The U.N. was established in order to uphold human values: knowledge, morality, responsibility dignity, civil duties, justice, honor, charity, solidarity, high cultural behavior amongst many others, to maintain international peace and security, achieve international co-operation and friendly relationships among nations. Countries and their governments, international organizations and the ONU are not guided by these values and are making very little effort when realizing their own goals.

The role of the United Nations Organisation has to be crucial in dealing with countries about the resolution of the many burning problems of humanity. The highest priority in this devastating situation should be the organization of the congress related to the current pandemic situation or an immediate conference to stop wars, and with engaged decisions for all countries. The ONU should and can save and preserve life, alleviate human suffering, stop wars and safeguard the dignity of the world's population, together with its existing numerous organizations and specialized agencies. However, international organizations, including the United Nations, are still structured in a constitution dominated by the superpowers. They have no strength to settle with balance and justice an international crisis in which classical procedures of mediation are inadequate.

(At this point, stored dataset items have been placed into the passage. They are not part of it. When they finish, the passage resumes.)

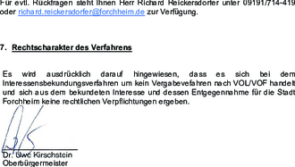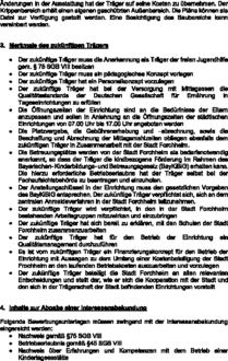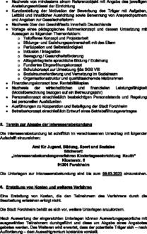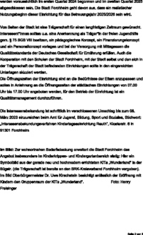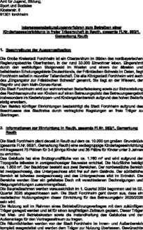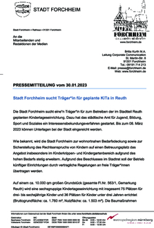 (Stadt Forchheim). Wie bekannt, wird die Stadt Forchheim zur wohnortnahen Bedarfsdeckung sowie zur Sicherstellung des Rechtsanspruchs von Kindern auf einen Betreuungsplatz, das Angebot insbesondere im Kinderkrippen- und Kindergartenbereich aufgrund des hohen Bedarfs stetig erweitern. Aufgrund des Beschlusses im Stadtrat soll der Betrieb künftiger Einrichtungen durch vertragliche Regelungen an freie Träger*innen übertragen werden. Auf einem ca. 10.000 qm großen Grundstück (gesamte Fl.Nr. 563/1, Gemarkung Reuth) wird eine sechsgruppige Kindertageseinrichtung mit insgesamt 75 Plätzen für drei- bis sechsjährige Kinder und 36 Plätzen für Kinder unter drei Jahren errichtet (Bruttogrundfläche: ca. 1.760 m², Nutzfläche: ca. 1.503 m²). Die Baumaßnahmen werden voraussichtlich im ersten Quartal 2024 begonnen und im zweiten Quartal 2025 abgeschlossen sein. Die Stadt Forchheim geht davon aus, dass ein realistischer Nutzungsbeginn dieser Einrichtung für das Betreuungsjahr 2025/2026 sein wird. Vonseiten der Stadt ist eine Trägerschaft für einen langfristigen Zeitraum gewünscht. Interessent*innen sollten u.a. eine Anerkennung als Träger*in der freien Jugendhilfe gem. § 75 SGB VIII besitzen, ein pädagogisches Konzept, ein Finanzierungskonzept und ein Personalkonzept vorlegen und bei der Versorgung mit Mittagessen die Qualitätsstandards der Deutschen Gesellschaft für Ernährung erfüllen. Auch die Kooperation mit den Schulen der Stadt Forchheim, mit der Stadt selbst und den sich in der Trägerschaft der Stadt befindenden Einrichtungen sollte in den eingereichten Unterlagen skizziert werden. Die Öffnungszeiten der Einrichtung sind an die Bedürfnisse der Eltern anzupassen und sollen in Anlehnung an die Öffnungszeiten der städtischen Einrichtungen von 7.00 Uhr bis 17.00 Uhr angeboten werden, für den Betrieb der Einrichtung ist ein Qualitätsmanagement durchzuführen. Die Interessensbekundung ist schriftlich im verschlossenen Umschlag bis zum 8. März 2023 einzureichen beim Amt für Jugend, Bildung, Sport und Soziales, Stichwort: „Interessensbekundungsverfahren Kindertageseinrichtung Reuth“, Klosterstr. 6 in 91301 Forchheim.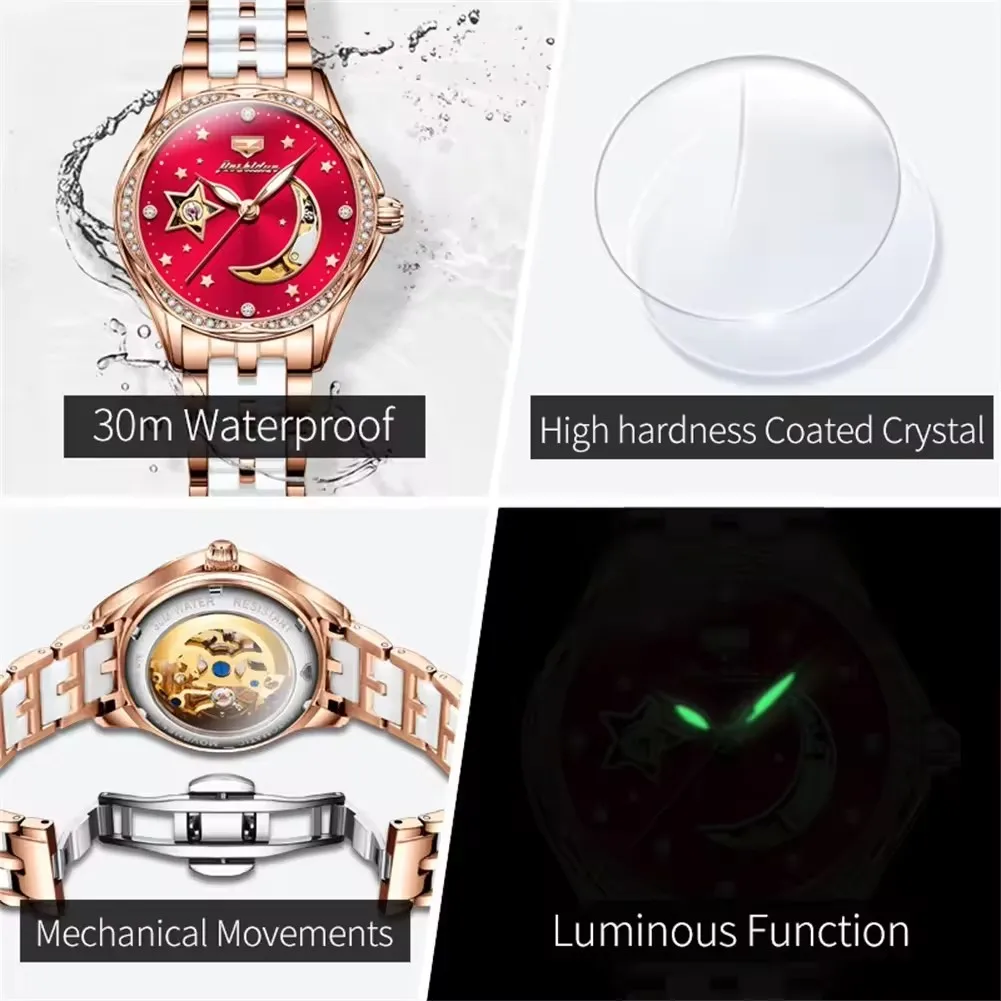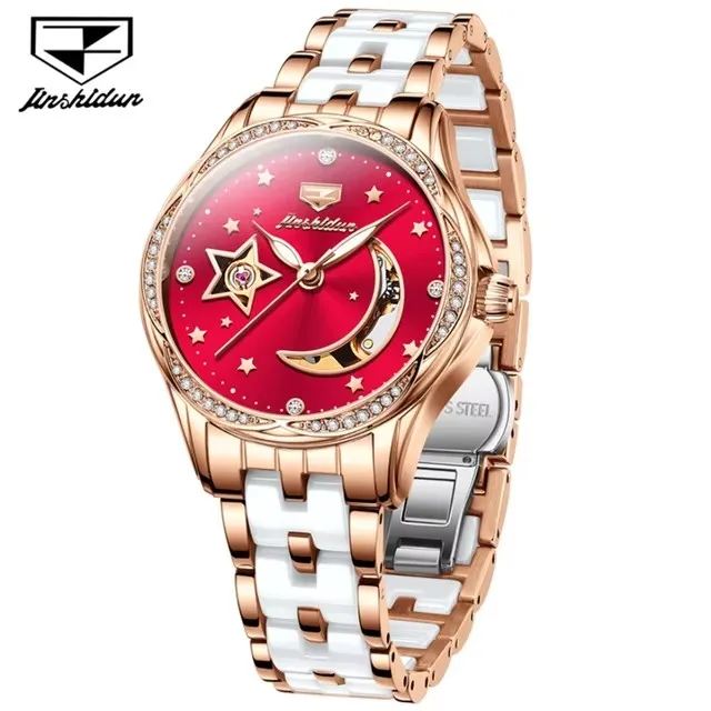 Jsdun 8962 Hollow Moon Star Diamond Dial Brand Elegant Automatic Mechanical Women’s Watch Luxury Stainless Strap Women’s Watches
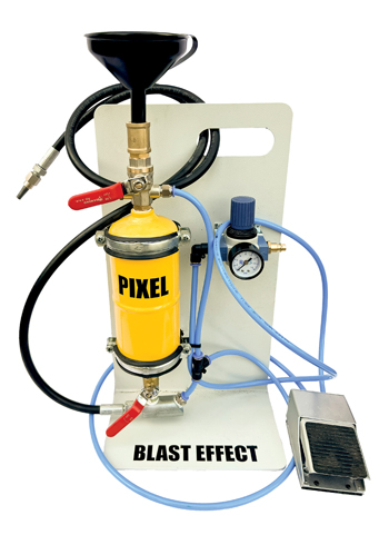 Blast Effect Pixel to kompaktowa, ciśnieniowa maszyna do piaskowania za rozsądne pieniądze. Inwestycja zwróci się już po kilku wykonanych portretach. Oprócz atrakcyjnej ceny cechuje się przemyślną konstrukcją. Do obsługi piaskarki używa się pedału nożnego, by operator zawsze miał wolne obie ręce. Zastosowana dysza wykonana jest z węgliku wolframu, więc jest bardzo twarda i przez to odporna na zużycie w kontakcie ze ścierniwem. Dysza ma średnicę 2,5 mm, co pozwala na bardzo precyzyjne kierowanie strumienia ścierniwa w określone miejsca grafiki. Sama dysza jest zamontowana w uchwycie przypominającym długopis – daje komfort użytkowania poprzez naturalne ułożenie dłoni.

A radical reform of the ONU status and regulations was unsuccessfully debated for years. Because of the inherent weakness of the institutions it is impossible to limit or deny any operation of the sovereign states. There is a vision for the future in which the ONU would become an active world government based on full sovereignty in a world power and therefore responsible for the welfare and common happiness of the entire mankind. Totally reformed on a wide scale, the ONU would become a federal institution, structured on the principles of democracy, freedom, equal opportunities, peace and welfare for every citizen. Racism, xenophobia, exploitation would be completely banished, as well as any form of military threat, proliferation of weapons and the use of force as a means of oppression.

The ‘One World Organisation’ would be a good first step, formed by qualified representatives of major world-wide cultures, with shared and unified sovereignty and democracy.

Coronavirus is reshaping the world. The next months and maybe years could be seen to be the most difficult in history, and the world is in a critical time. Is this situation taking us further into a society of those who are exploited and those who are doing the exploiting? Do we accept the ‘new normal’, or we are able to built a better world?